Читать «Бетонная серьга» онлайн - страница 6

Влад Гринзайд

Ну я и решаю сказать ей нейтральную фразу: «Видишь, последнее время твои шоколадки не убывают, как прежде, — это я на диету сел».

Она, чувствуя отсутствие явного заговора между мной и Мироном против неё, смягчается и отвечает: «Да… у кого диета, а у кого и стресс, настроение не подходящее». Намекает на несложившуюся жизнь. Мол-де плющит её без мужика, колбасит всяко-разно. А я в свою очередь думаю: «Как же состояние духа влияет на аппетит?» Многие израильтяне, например, во время войны в Персидском заливе поправились, постоянно хлопая холодильником из-за стресса. И зачем вообще в чисто символической беседе ныть и намекать на тяжёлую долю, явно завидуя моей легкой. Ещё сглазит!

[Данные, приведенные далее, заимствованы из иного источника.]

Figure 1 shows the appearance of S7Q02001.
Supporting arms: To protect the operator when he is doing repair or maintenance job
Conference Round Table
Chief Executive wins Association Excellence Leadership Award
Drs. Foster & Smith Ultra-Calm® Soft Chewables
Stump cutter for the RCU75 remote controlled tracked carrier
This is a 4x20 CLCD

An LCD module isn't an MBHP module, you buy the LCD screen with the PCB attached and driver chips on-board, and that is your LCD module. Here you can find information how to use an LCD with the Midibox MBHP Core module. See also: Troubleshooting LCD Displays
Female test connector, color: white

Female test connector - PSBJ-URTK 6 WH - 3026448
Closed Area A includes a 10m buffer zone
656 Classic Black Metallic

Я иду делиться мыслями с Мироном, по дороге обдумывая, в каких словах я ему это изложу. Ведь у работодательницы острейший слух плюс знание английского, стало быть интернациональные слова и русско-ивритский сленг надо сразу отбросить. Никаких «боссов», «шоколадов», «диет» и «стрессов», только славянские корни.

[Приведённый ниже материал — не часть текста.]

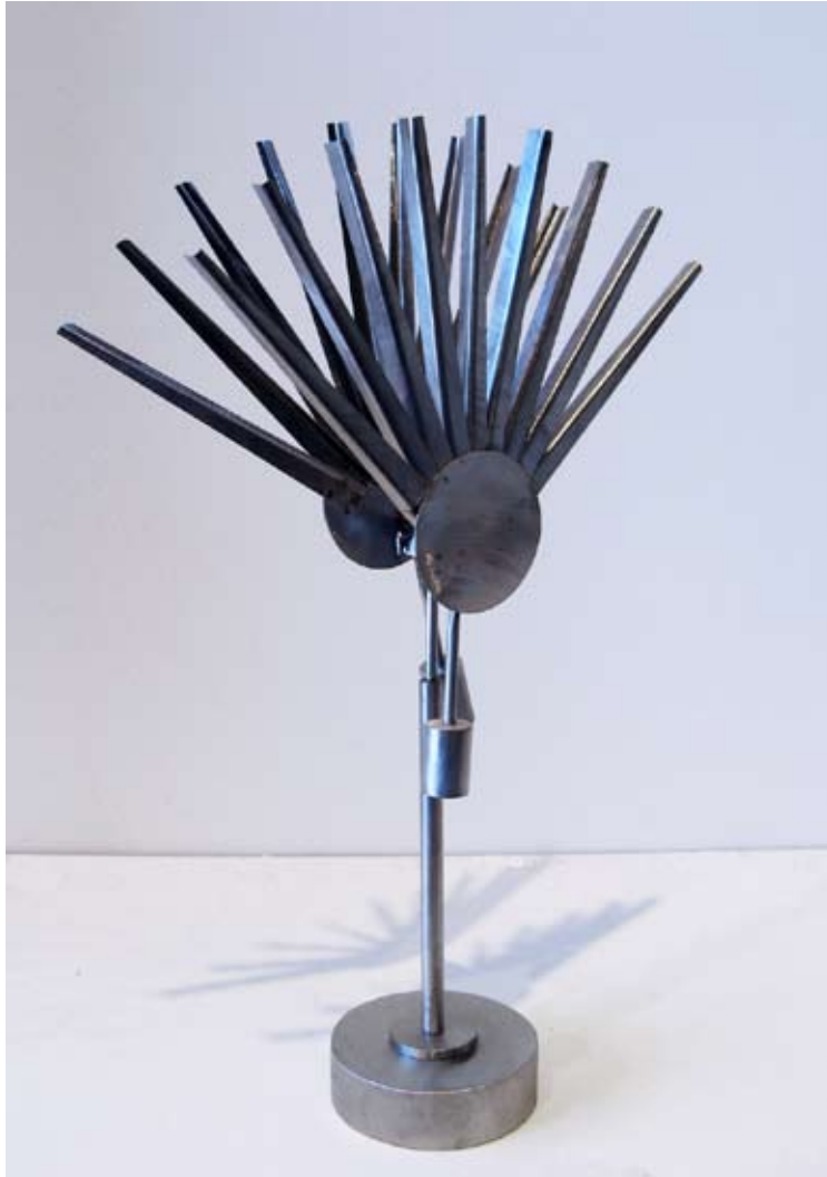
Estaquitas, 2006. Stainless steel, 10 3/4 x 6 1/2 x 6 1/2 inches. Unique.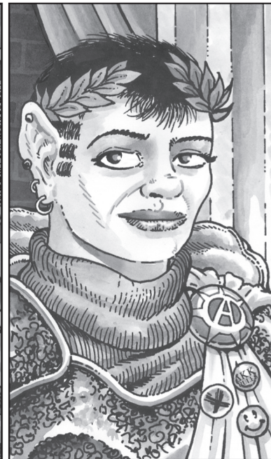
SHALEA "SUNBURN" STEELWAGON

This printing of Dungeonbattle Brooklyn is done under version 1.0 of the Open Gaming License, and the System Reference Document by permission from Wizards of the Coast, Inc. Designation of Product Identity: The following items are hereby designated as Product Identity in accordance with Section 1(e) of the Open Game License, version 1.0: Dungeon Crawl Classics, DCC RPG, Mighty Deed of Arms, spell check, Luck check, spellburn, mercurial magic, corruption, disapproval, all spell names, all proper nouns, capitalized terms, italicized terms, artwork, maps, symbols, depictions, and illustrations, except such elements that already appear in the System Reference Document.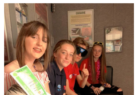
Drug Bus Session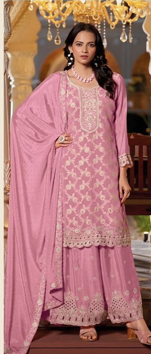
11081 - C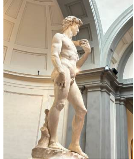
(David, Galleria dell' Accademia, Florence)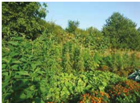
Figure 1. Garden detail

The obtained results regarding the ornamental value of the studied garden revealed that the ornamental vegetable garden has many functions, with beautiful perspectives. The usage of different intercropping systems (lettuce + runner bean; eggplant + pepper; okra + beans etc.) contributed in a positive way to the ornamental degree (Figure 1).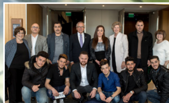
Her Honour, The Honourable Janice Filmon, Lieutenant Governor of Manitoba, and His Honour, The Honourable Gary Filmon and members of the Operation Ezra Working Committee alongside Yazidi Refugees brought to Winnipeg through Operation Ezra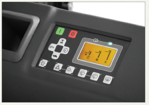
Lift height presetting saves time and effort for the driver.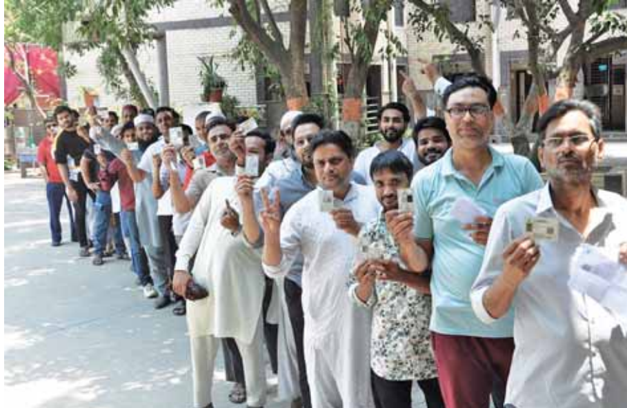
People wait in queues to cast their votes at a polling booth during the sixth phase of Lok Sabha election in New Delhi on Saturday

against Congress' Kanhaiya Kumar. Meanwhile, South Delhi's Mehrauli recorded the lowest turnout at 48.10 per cent. Rural assembly segments including Badli (57.83 per cent), Bawana (48.37 per cent), Mundka (52.17 per cent) and Najafgarh (59.10 per cent) saw average voting. Five assembly constituencies in North east Delhi recorded more than 60 per cent voter turnout including minority dominated assembly segments of Babarpur (62.05 per cent), Mustafabad (61.92 per cent), Gokalpur (60.98 per cent), Rohtas Nagar (60.62 per cent) and Ghonda (60.13 per cent). The lowest turnout was recorded at Burari (53.60 per cent) in the constituency. The Chandni Chowk Lok constituency, which comprises minority-dominated areas like Ballimaran (56.14 per cent), Matia Mahal (58.46 per cent), Shakur Basti (58.42 per cent), clocked the third lowest voter turnout at 53.27 per cent. The South Delhi constituency, which is seeing a fight between BJP's Ramvir Singh Bidhuri and AAP's Sahi Ram Pehalwan clocked the second lowest voting percentage at 52.83 per cent. Meanwhile, South Delhi's Mehrauli recorded the lowest turnout at 48.10 per cent. Rural assembly segments including Badli (57.83 per cent), Bawana (48.37 per cent), Mundka (52.17 per cent), Rohtas Nagar (60.62 per cent) and Ghonda (60.13 per cent). The lowest turnout was recorded at Burari (53.60 per cent) in the constituency.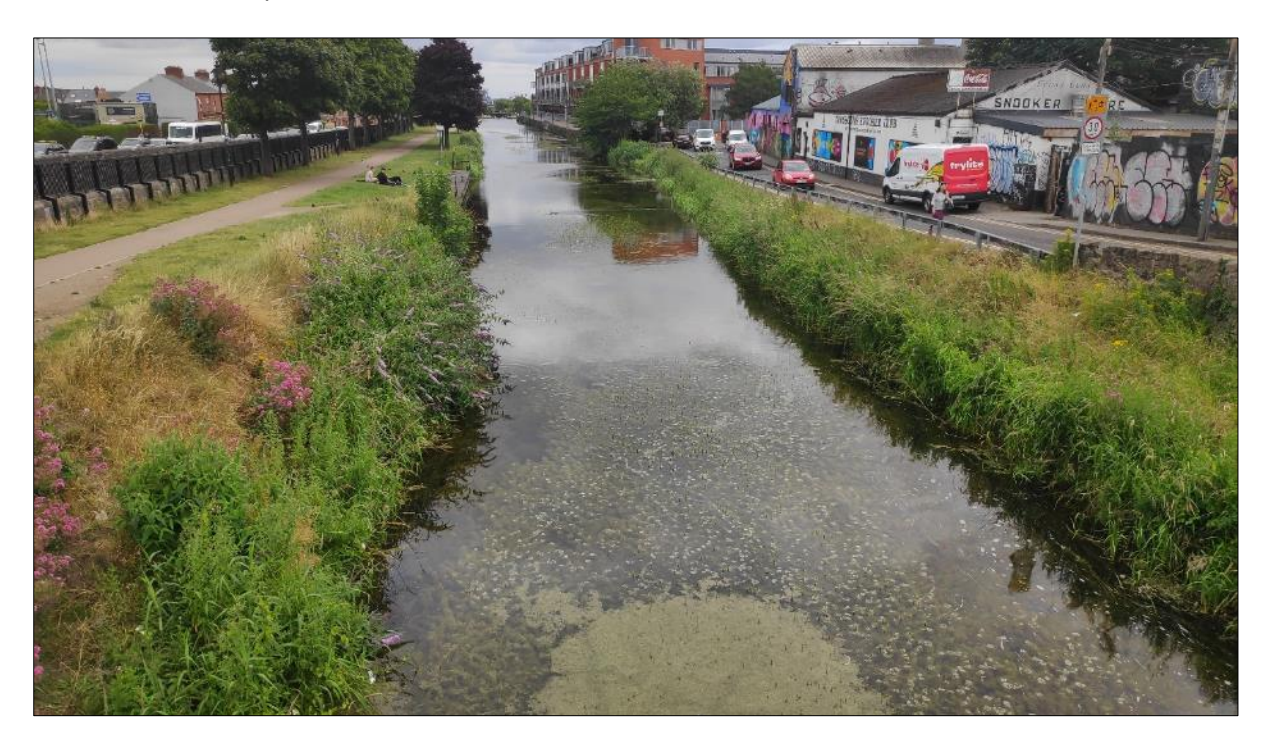
Plate 3.9 Representative image of site 8 on the Royal Canal at Phibsborough, facing downstream from Cross Guns Bridge to the 4<sup>th</sup> lock

Given the location of the site within the Royal Canal pNHA (002103), the aquatic ecological evaluation of site 8 was of national importance (Table 3.5). The site was also of high value for coarse fish species and Red-listed European eel.

Слово «босс» мы уже давно заменили на «работодательница», как вы уже заметили, «шоколад» был назван «сладостями». Вы попробуйте для эксперимента вот так подбирать слова, сохраняя при этом темп речи, увидите, как это сложно.

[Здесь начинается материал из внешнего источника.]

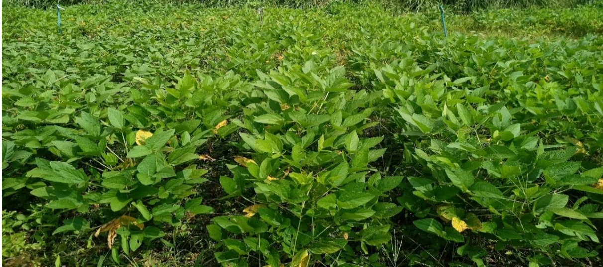
Plate1: Field view of the experiment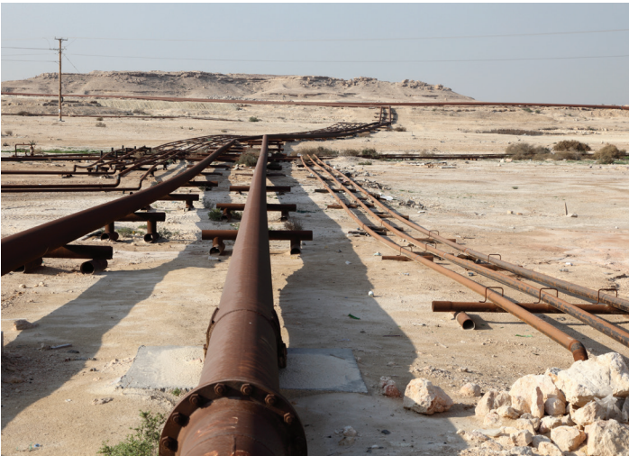
Detectors installed in harsh desert environments should reliably perform across a wide range of temperatures, and their housings should be tightly sealed to protect sensitive components from harmful dust.

Class I/Zone 1 locations — and particularly those in extreme environments — call for detector designs that take into account the explosive and flammable potential of surrounding hazardous substances. These devices need to meet the fire- and explosion-specific standards established by organizations such as FM Approvals, Underwriters Laboratories and International Electrotechnical Commission (IEC), which require that equipment designs be certified to remain explosion-proof at the temperature range the manufacturer states the detectors can operate in. This means the detector housings must contain internal explosions so that hot gas and other byproducts cannot escape and ignite surrounding hazardous substances. For example, housings for explosion-proof detectors must be certified to ensure that they will not change in extreme temperatures, creating small gaps which may not contain an internal explosion.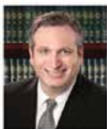
ATTORNEY AT LAW "20 years Experience"

FAMILY LAW COMMERCIAL LITIGATION FREE 30 MIN. CONSULTATION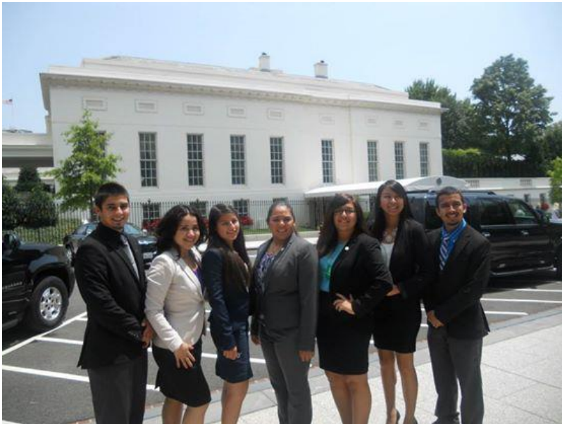
Picture on the East Side of the White House.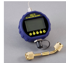
69050 Protective Gauge Boot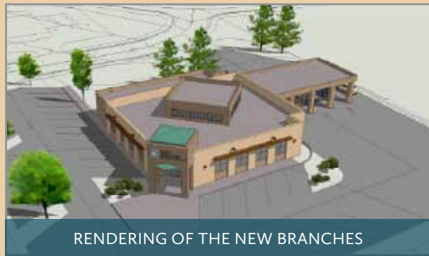
RENDERING OF THE NEW BRANCHES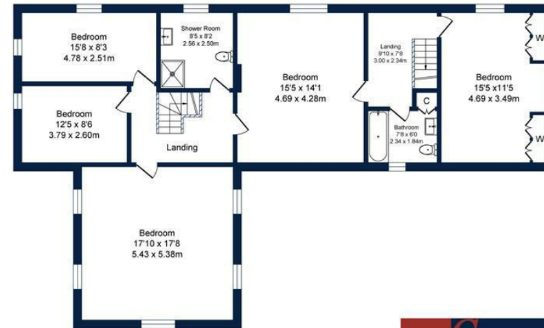
First Floor Approx. Floor Area 1395 Sq.Ft (129.6 Sq.M.)

Обрисовав Мирону возникшую на кухне ситуацию теми же словами, что рассказываю вам, я дошёл до ключевой фразы работодательницы о стрессах и диетах. Первым делом вместо «диеты» подвернулся «пост», однако тут же отпал, так как созвучен английскому «fast» и мог быть понят работодательницей, равно как и «стресс». В итоге вместо «Да… у кого диета, а у кого и стресс, настроение не подходящее» получилось следующее: «Да… кои из нас говеют, а кои не говевши маются да мытарствуют…»

7.5.2002

Борис Рубашкин

Было это довольно давно с точки зрения новейшей истории, и произошло с тех пор много событий — рухнула Берлинская Стена. Вслед за ней развалилась Советская Империя. Миграции граждан стали свободными, и евреи уехали в Израиль. А в самом начале перестройки все заграничное заставляло млеть. В Россию шлынули звездинские, шуфутинские и токаревы со своими «галицыными» и «брайтонами».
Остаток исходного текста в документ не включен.